Kacau! Kok Bisa Anak SMA Nggak Hafal Perkalian?

Published:

Parah! Udah SMA tapi belum juga hafal perkalian dasar. Fenomena ini terlihat dari banyak konten di media sosial. Gubernur Jawa Barat, Dedi Mulyadi aja sampe heran loh. Postingan akun instagram psnews.id pada 7 Januari lalu nunjukin Kang Dedi lagi nanya ke satu anak soal perkalian dasar. ”Setahun tuh berapa bulan?” tanya Kang Dedi yang dijawab si anak ”12 bulan”. ”Nah kalo 2 tahun?” tanya nya lagi dan si anak langsung terlihat kebingungan. ”Parah bener kamu SMA nya, matematikanya. Setahun kan 12 bulan, 2 tahun tuh berapa bulan?” tanya nya, dan si anak tetap diam. ”Diam aja, ini kan logika matematikanya udah parah banget. Buat SMA Cibatu, latih matematika anak-anaknya ya”, ujarnya.

Ada juga satu postingan dari @livekalimantanborneo pada 9 Februari lalu yang nampilin sekumpulan anak SMA lagi main games perkalian dasar. Pas ditanya, nggak ada yang bisa jawab. ”6 kali 3 berapa?” ujar si penanya dan dijawab siswi pertama 28, baru setelah beberapa kali percobaan akhirnya dijawab 18. ”3 kali 8 berapa” dijawab siswa kedua 27. Akun instagram @andromeda_mercury juga bikin konten reaksi dimana dia nonton beberapa video yang nampilin kurangnya pengetahuan dasar anak Indonesia. Ada yang gabisa jabarin kepanjangan MPR dan PLN, disuruh sebut satu negara di Eropa nyebutnya Garut, salah baca jam analog dimana harusnya pukul 12:19 tapi dijawab 12:59.

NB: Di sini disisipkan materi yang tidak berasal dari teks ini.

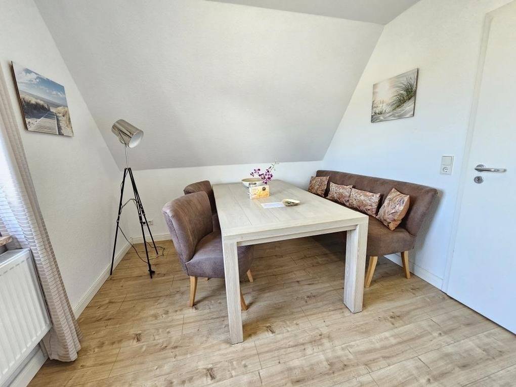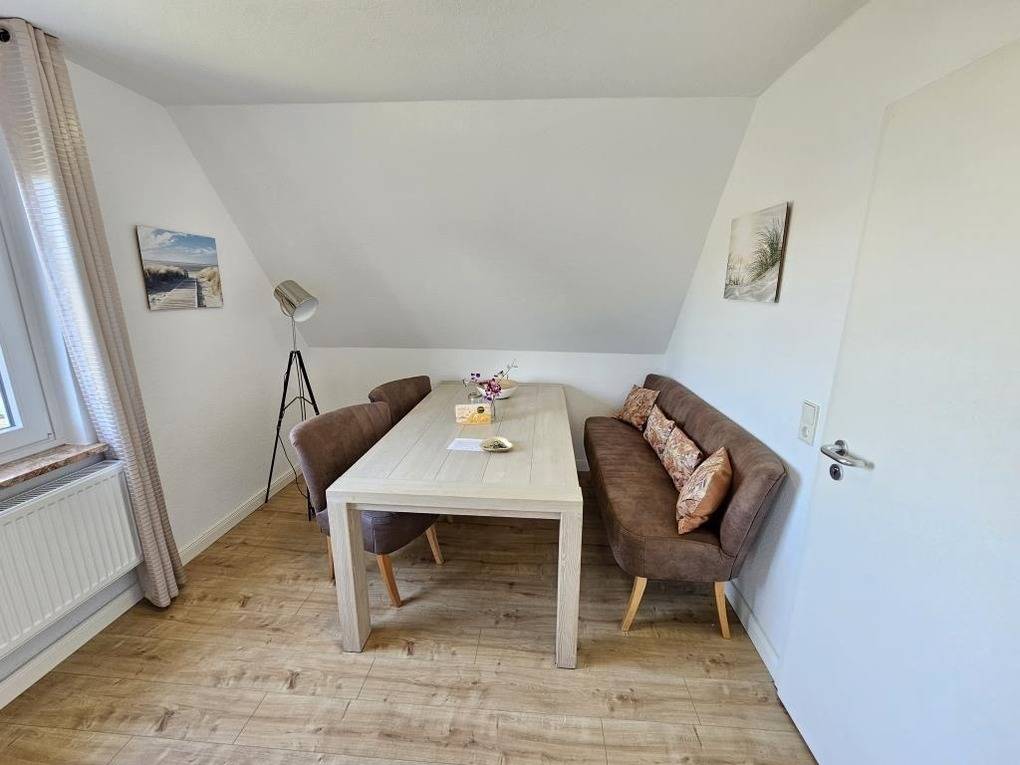 Die Wohnung "Nordsand" in Sahlenburg bietet eine gemütliche und renovierte Unterkunft im 1. Obergeschoss eines freistehenden Hauses. Der Schlafraum ist mit einem komfortablen Doppelbett (1,80 m x 2 m) ausgestattet. Im wohnlichen Bereich kann man entspannte Stunden mit einem Buch oder TV-Abenden verbringen. Die Wohnküche verfügt über einen großen Essplatz sowie eine Küchenzeile mit einem 2-Platten-Ceranfeld, einer Mikrowelle mit Ofenfunktion und einem Kühlschrank mit Gefrierfach. Das Badezimmer bietet sowohl eine Dusche als auch eine Badewanne. WLAN steht kostenfrei zur Verfügung, und ein Parkplatz am Haus sowie eine Fahrradabstellmöglichkeit sind ebenfalls gegeben. Eine kleine Erstausstattung für den ersten Tag ist vorhanden. Haustiere sind in der Wohnung herzlich willkommen.

Mantan Menteri Pendidikan dan Kebudayaan Nadiem Makarim aja pernah salah jawab operasi berhitung. Jadi di video @gemari_tematik1 pada 2 November 2024 lalu ada sesi diskusi antara Nadiem dan influencer Jerome Polin. Disitu Jerome nanya 1 ditambah 1 dikali 0 berapa dan Nadiem jawab 0, padahal harusnya 1, karena dikali dulu baru ditambah. Fenomena ini nunjukin ada masalah sistemik dalam sistem pendidikan Indonesia. Ini bukan sekadar “anak-anak malas belajar,” tapi lebih karena kegagalan sistem pendidikan dalam membangun fondasi pengetahuan yang kuat. Makanya literasi dasar mereka rendah, baik di pengetahuan umum maupun matematika.

Coba bandingin sama negara lain, yaitu Finlandia, Jepang dan Singapura. Finlandia: pr nya sedikit, tapi pembelajaran berbasis eksplorasi dan pemecahan dan gurunya mendapat pelatihan ketat dengan standar tinggi. Singapura: kurikulum matematika sangat menonjolkan pemecahan masalah, pendidikannya menekankan logika dan pemahaman mendalam. Nggak sekedar ngerjain soal ujian aja. Jepang juga perkalian dasarnya dihafal kok, tapi pake metode sempoa. Yang terpenting, metode pengajaran mereka berbasis pemecahan masalah.

Gimana sama pendidikan Indonesia? Pembelajarannya masih berorientasi nilai dibanding konsep dan terlalu banyak mengejar target kurikulum tanpa pemahaman mendalam. Serta kurangnya metode pengajaran yang menarik dan berbasis eksplorasi. Tentu kita tak ingin Pendidikan kita makin terperosok. Saatnya kita harus mengevaluasi besar-besaran sistem pendidikan kita. Jangan ada lagi gonta-ganti kurikulum hanya karena perubahan Menteri. Jangan jadikan Pendidikan kita hanya punya target sebatas “asal naik kelas,” Jika itu terjadi , kita cuma jadi penonton di era persaingan global. Yuk benahi pendidikan dari akarnya!